● **Brief**
Repeat the data that follows exactly, starting at the line with "당사는 주로 카메라 모듈, 안테나, RF" and ending at the line with "Рассмотри рисунок все", and leave out every picture.

● **Source material**
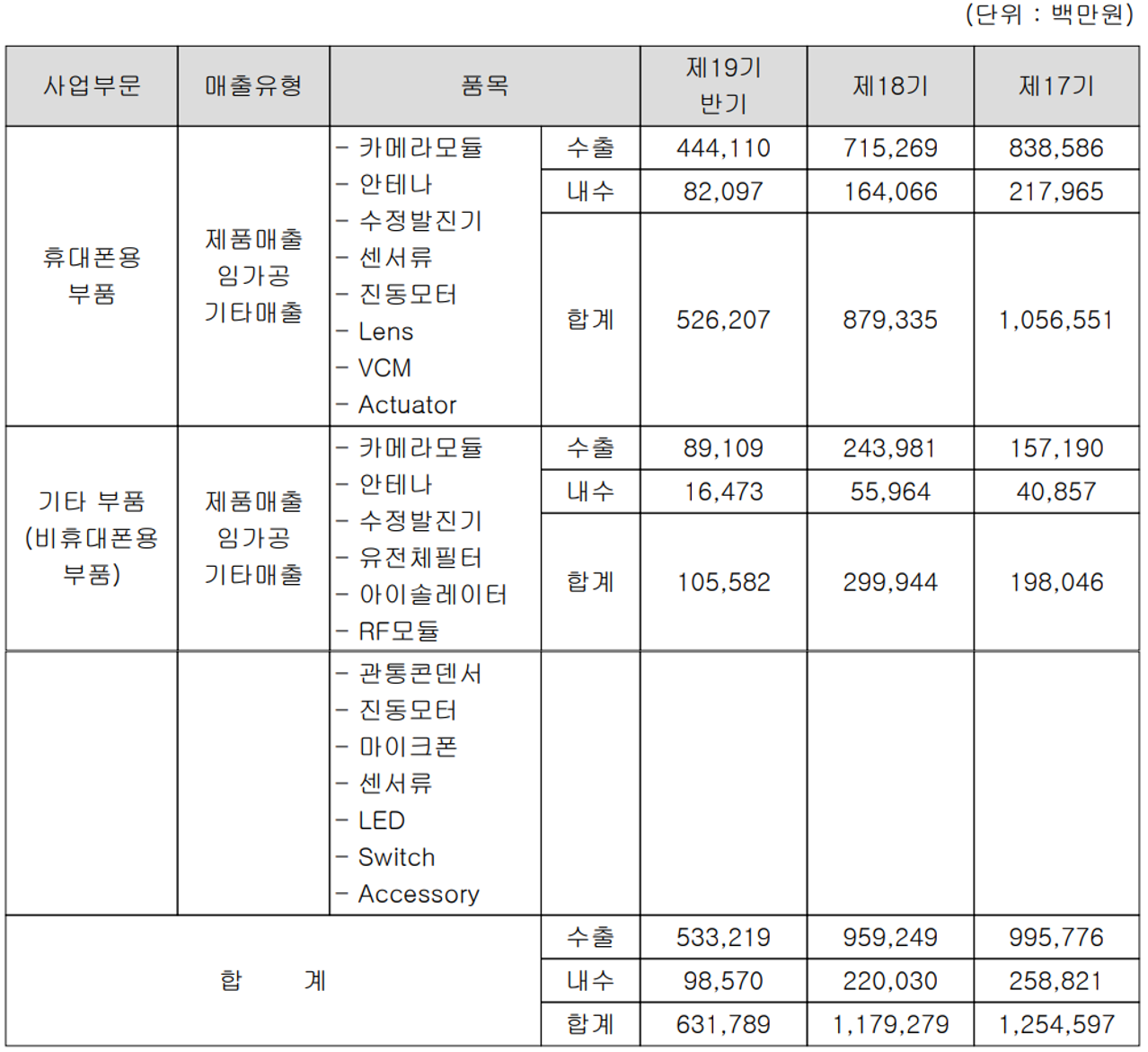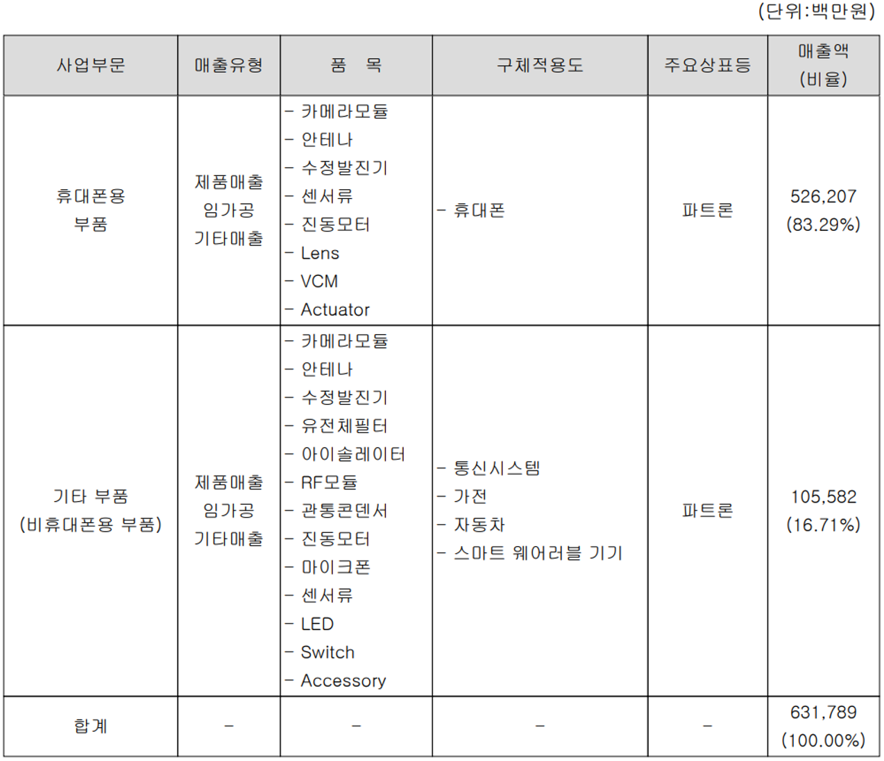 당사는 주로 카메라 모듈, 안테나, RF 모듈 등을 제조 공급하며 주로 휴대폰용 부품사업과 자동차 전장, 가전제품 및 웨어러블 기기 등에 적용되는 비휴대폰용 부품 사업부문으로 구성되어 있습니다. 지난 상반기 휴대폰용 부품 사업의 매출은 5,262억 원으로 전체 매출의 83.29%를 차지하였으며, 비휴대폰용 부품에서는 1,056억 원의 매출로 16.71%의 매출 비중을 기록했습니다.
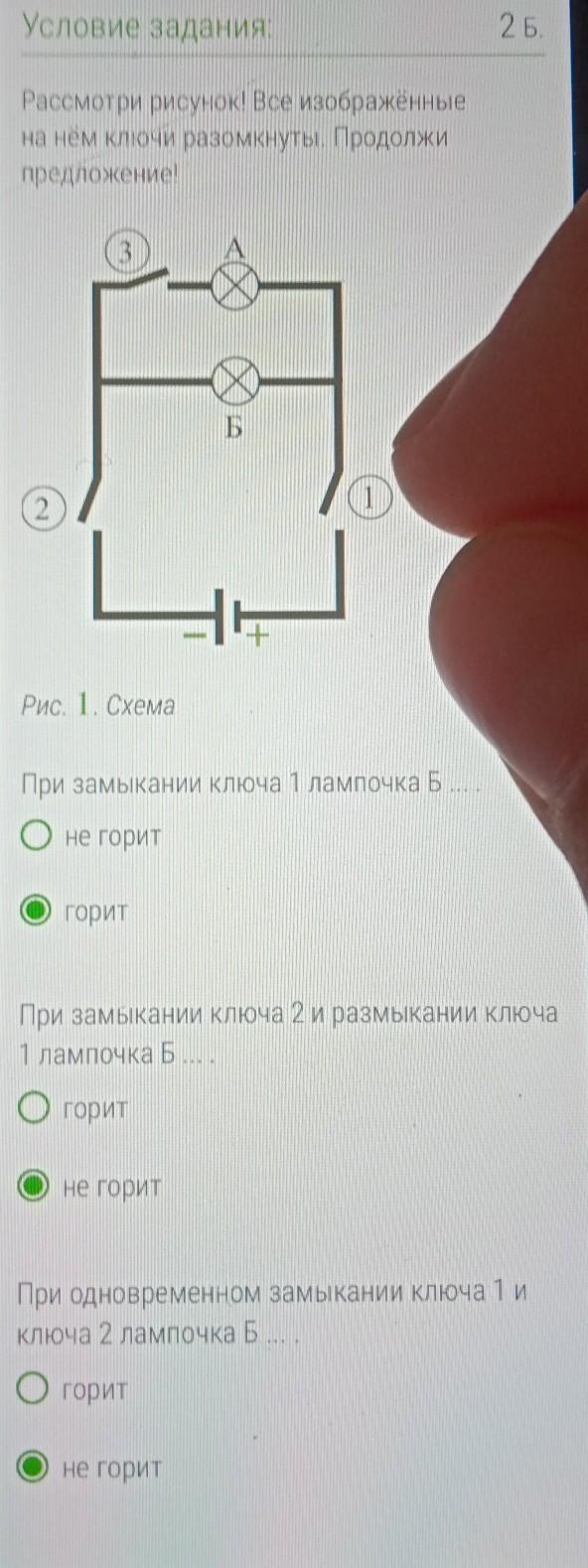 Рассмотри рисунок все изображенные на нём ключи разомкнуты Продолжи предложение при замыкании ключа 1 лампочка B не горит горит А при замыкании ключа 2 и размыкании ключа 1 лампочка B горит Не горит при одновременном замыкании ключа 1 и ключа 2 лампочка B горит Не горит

* * *

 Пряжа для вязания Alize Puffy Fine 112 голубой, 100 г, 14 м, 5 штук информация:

● **Response box**
 당사는 주로 카메라 모듈, 안테나, RF 모듈 등을 제조 공급하며 주로 휴대폰용 부품사업과 자동차 전장, 가전제품 및 웨어러블 기기 등에 적용되는 비휴대폰용 부품 사업부문으로 구성되어 있습니다. 지난 상반기 휴대폰용 부품 사업의 매출은 5,262억 원으로 전체 매출의 83.29%를 차지하였으며, 비휴대폰용 부품에서는 1,056억 원의 매출로 16.71%의 매출 비중을 기록했습니다.
 Рассмотри рисунок все изображенные на нём ключи разомкнуты Продолжи предложение при замыкании ключа 1 лампочка B не горит горит А при замыкании ключа 2 и размыкании ключа 1 лампочка B горит Не горит при одновременном замыкании ключа 1 и ключа 2 лампочка B горит Не горит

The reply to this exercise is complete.